This is done through a construct called the SynchronizationContext, which essentially provides a way to run code on another thread. So in your case, if you wanted to change the text of a label defined in the GUI thread, you would take the SynchronizationContext corresponding to your GUI thread and post code to it through your other thread.

Another concept you will have to get familiar with are Tasks. A Task is an abstraction that's functionally the same thing as a thread. Two Tasks can run at the same time. Task.Run starts a new Task with its workload represented by a function.

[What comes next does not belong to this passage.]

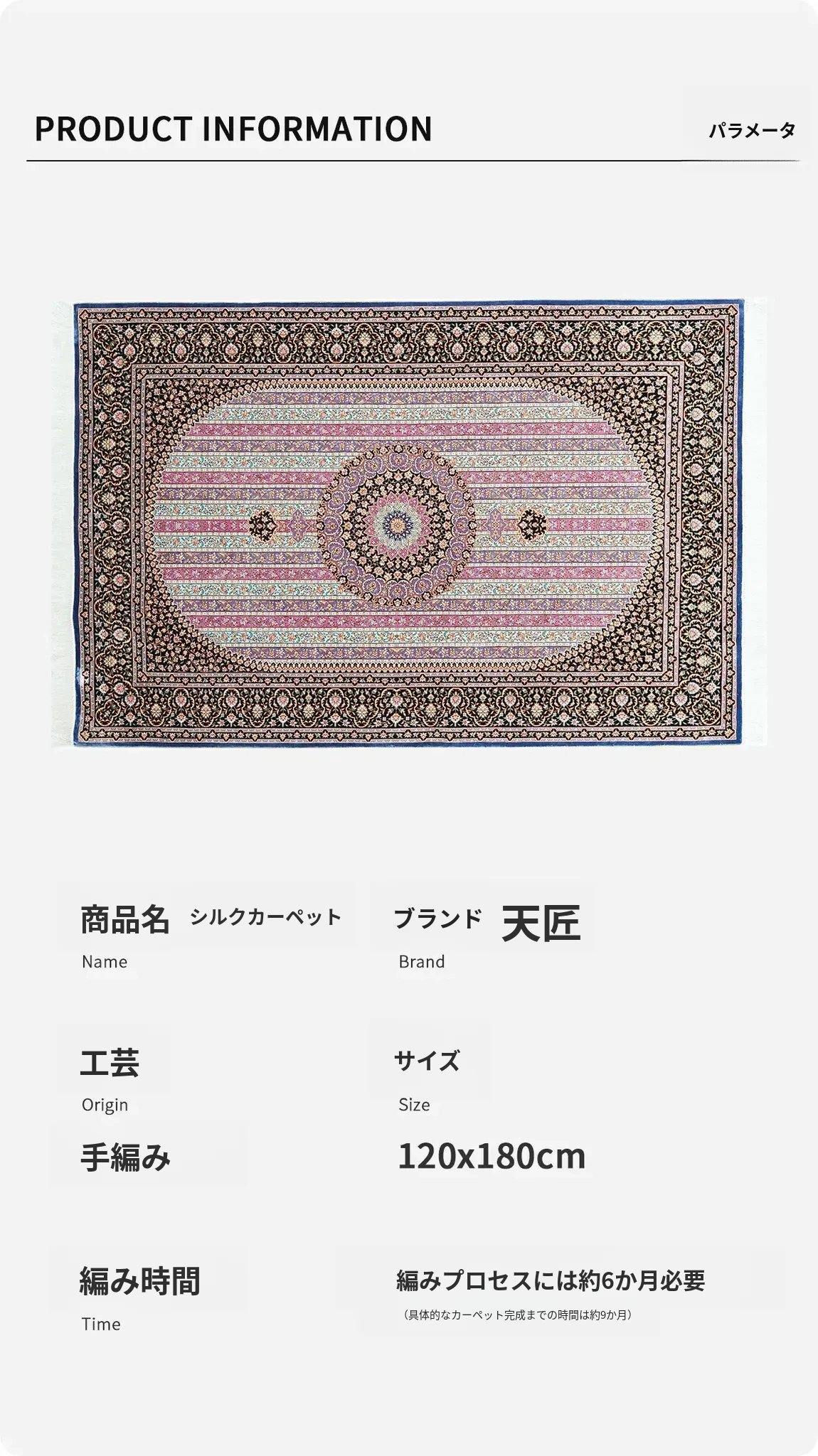天匠手作シルクラグ 高級無接着剤 ヴィラの寝室にぴったりなベッドサイドマット 120x180cm おしゃれで高級感溢れるデザイン、贅沢なひとときをお届けします。

With that said, here's an example in WPF:

public class MainWindow
{
    public MainWindow()
    {
        InitializeComponent();
    }

    private void Button_Click(object sender, RoutedEventArgs e)
    {
        var context = SynchronizationContext.Current;

        Task.Run(() => context.Post(state => Button.Content = "Hello World!"));
    }
}

Notice that even though I'm inside Task.Run (which means I'm not on the GUI thread), I'm still able to execute code on the Button by posting to the window's SynchroniztaionContext.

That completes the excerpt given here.